Maintaining an overpotential voltage degradation rate below 100 mV/year is a common target for PEM electrolysis systems. However, it's essential to recognize that the actual degradation rate can vary depending on operational factors and maintenance practices. The construction and quality of the electrolyzer, which are determined by the original manufacturer, play a crucial role in influencing degradation rates. Therefore, it's advisable to consult with your electrolyzer manufacturer for specific information on expected degradation rates and recommended maintenance procedures.

● PEM is a solid polymer electrolyte membrane. The two sides of the membrane can withstand a large pressure difference, and only have a unidirectional conduction effect on hydrogen ions. It can directly separate the reactant hydrogen and oxygen to avoid cross-gassing, and has good safety. , The product gas has high purity. For alkaline electrolysis, a liquid electrolytic cell is used, and the porous asbestos cloth becomes a diaphragm by impregnation. Therefore, a strict pressure difference control system must be installed to ensure that no air leakage occurs in the anode and cathode reaction chambers and avoid safety accidents.

● The PEM electrolyte membrane can be less than 200μm, the electrode spacing is small, it can reduce the working voltage and energy consumption, and make the structure of the electrolytic cell more compact.

● Water is both a reactant and a cooling medium, eliminating the need for a cooling system and reducing the volume and weight of the device. Because the PEM electrolytic cell uses pure water as the electrolyte, the corrosion of the electrolyte to the tank body is avoided, the reaction product does not contain alkali mist, and the gas purity is higher.

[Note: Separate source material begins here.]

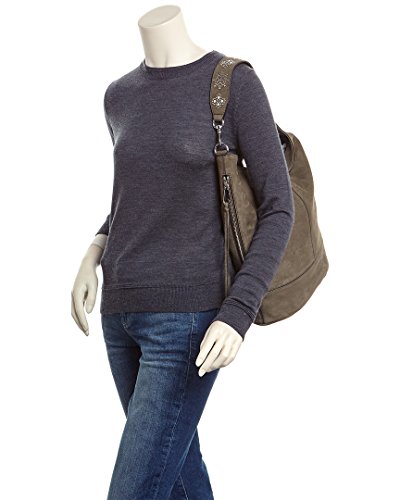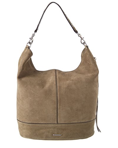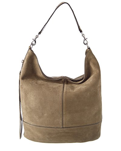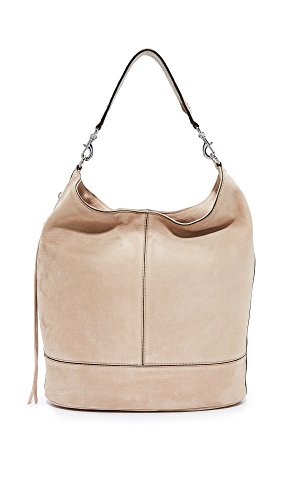 An understated Rebecca Minkoff hobo bag in soft nubuck. A zip pocket opens at the side. Magnetic top and lined, 3-pocket interior. Optional sling strap.
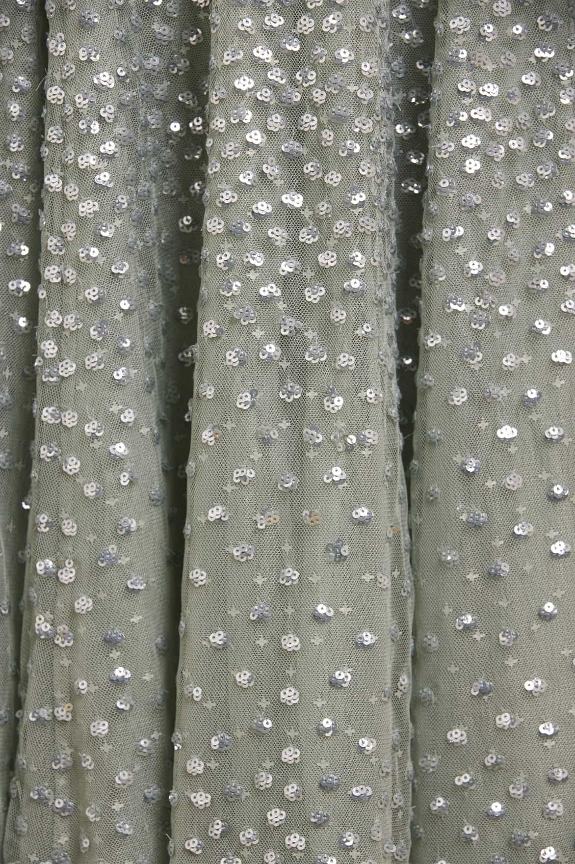 The Scatter Dot Cape Sleeve Ankle Gown in Laurel. This embellished gown is decorated with exquisite shimmering dot motifs, undulating in wave formations for a captivating glittering effect. Designed with a sweeping floor-length cape for romantic detailing and a statement look. The flattering square neckline is trimmed with signature Needle & Thread tulle frills. The skirt is made up of generous layers of net and tulle with a sweeping hemline. The perfect choice for an upcoming special occasion and beyond.

Alkaline electrolyzers may seem like the most affordable option - after all, alkaline has been around for decades longer than PEM. However, progressions in PEM technology have changed its cost.

An analysis of both types of electrolyzers shows that the stack cost of an alkaline electrolyzer is lower than PEM. But when it comes to the complexity and cost of balance of plant (BOP) as the system size increases, PEM is lower, according to the Fraunhofer Institute for Solar Energy Systems ISE. In fact, the total cost of ownership of a PEM electrolyzer is lower than alkaline with forecasters estimating that PEM service costs are one-third of alkaline.

When scaling an electrolyzer, PEM has significant cost advantages in balance of plant economics. On a per-kilowatt basis, the capital expenditure associated with an alkaline electrolyzer increases significantly as the system scales. With PEM, there are options for streamlining BOP to minimize upfront cost in larger systems above 10 megawatts.

When considering output pressure, standard alkaline electrolyzers deliver output at a low pressure of 1 to 10 bar, which is a nearly ambient pressure. For most applications, hydrogen must be further compressed for transport, storage, or consumption. On the flip side, PEM electrolyzers have an output of 40 bar - that's 4 to 40 times of a typical alkaline system.

Pressure is generated by the electrochemical process in the stack, meaning PEM avoids first stage compression to bring it up to 40 bar, and bypasses the energy costs associated with compressor operation.

Alkaline's caustic electrolyte solution can also ratchet up its hefty price tag. For example, a 10 to 20-year-project means a long term need to replace parts such as pumps and valves, or the removal of potassium hydroxide from the hydrogen or oxygen streams. The 3.5 ton per megawatt requirement for highly-corrosive potassium hydroxide in alkaline systems typically incur significant space requirements – often two to three times the space of PEM system for a similar output. Any losses in space can lead to losses in revenue.